The eggs were tiny black specks, each about the size of the roller ball in a ball point pen. Since it was still cold and there were no mulberry leaves, the silkworm’s main food, I kept the eggs in the refrigerator.

In the spring, tiny mulberry leaves started sprouting from the trees, so I knew it was a good time to take the eggs out and let them hatch. About 10 days later, a tiny silkworm came out. It was the size of a small eraser shaving. I brought a tiny clipping of leaf to feed it. The number of tiny silkworms grew as they hatched out. After two weeks, all of them hatched out.

In a month, the silkworms ate and grew until they were around five centimeters long (about 40 times bigger than their original size!). Within this period, they molted five times. After its fifth shedding, one silkworm started to spin silk, wrapping it around itself, forming its cocoon to grow in for the next couple of weeks. When the second silkworm started to spin its silk, I realized I had two kinds of silkworms: pure white and brassy golden! Two more silkworms successfully became pupas, another white and another golden. After three weeks of waiting, my first silk moth came out, leaving a hole in one end of its cocoon. The rest soon followed.

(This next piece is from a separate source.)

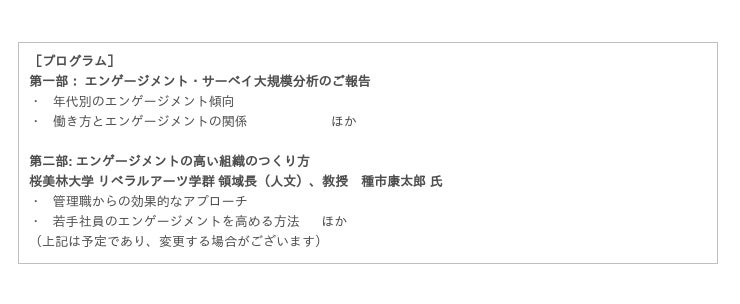 本セミナーでは、企業で実施されたエンゲージメント・サーベイ『Qraft(クラフト)』の分析結果より、年代別にみられる傾向や、テレワーク等の働き方×エンゲージメントの関係をご報告。さらに、昨今、エンゲージメントを高めるカギとして注目を集める“ジョブ・クラフティング”研究の第一人者 種市 康太郎氏(桜美林大学 リベラルアーツ学群 領域長(人文)、教授)より、エンゲージメントの高い組織のつくり方について、効果的な打ち手を解説します。データと事例にもとづく、実践的なヒントのつまったセミナーです。

To find a mate, the female emitted pheromones which attracted the males by its smell. Then the males competed by flapping their wings rapidly and loudly (even though they can’t fly) to get the female. To mate, the winning male joined abdomens with the female to fertilize the eggs. Sadly, we found that the losing mate died in the few days after losing. The female then laid the couple hundred fertilized eggs onto the paper towel for the next ten hours. After that, there was nothing else to do but to wait for the new cycle.

Through these two months of raising silkworms myself, I learned a lot about the life cycle and behavior of insects. In addition, I read many articles about silkworms in order to raise them. This experience for me was incredibly valuable, and I gained responsibility and knowledge.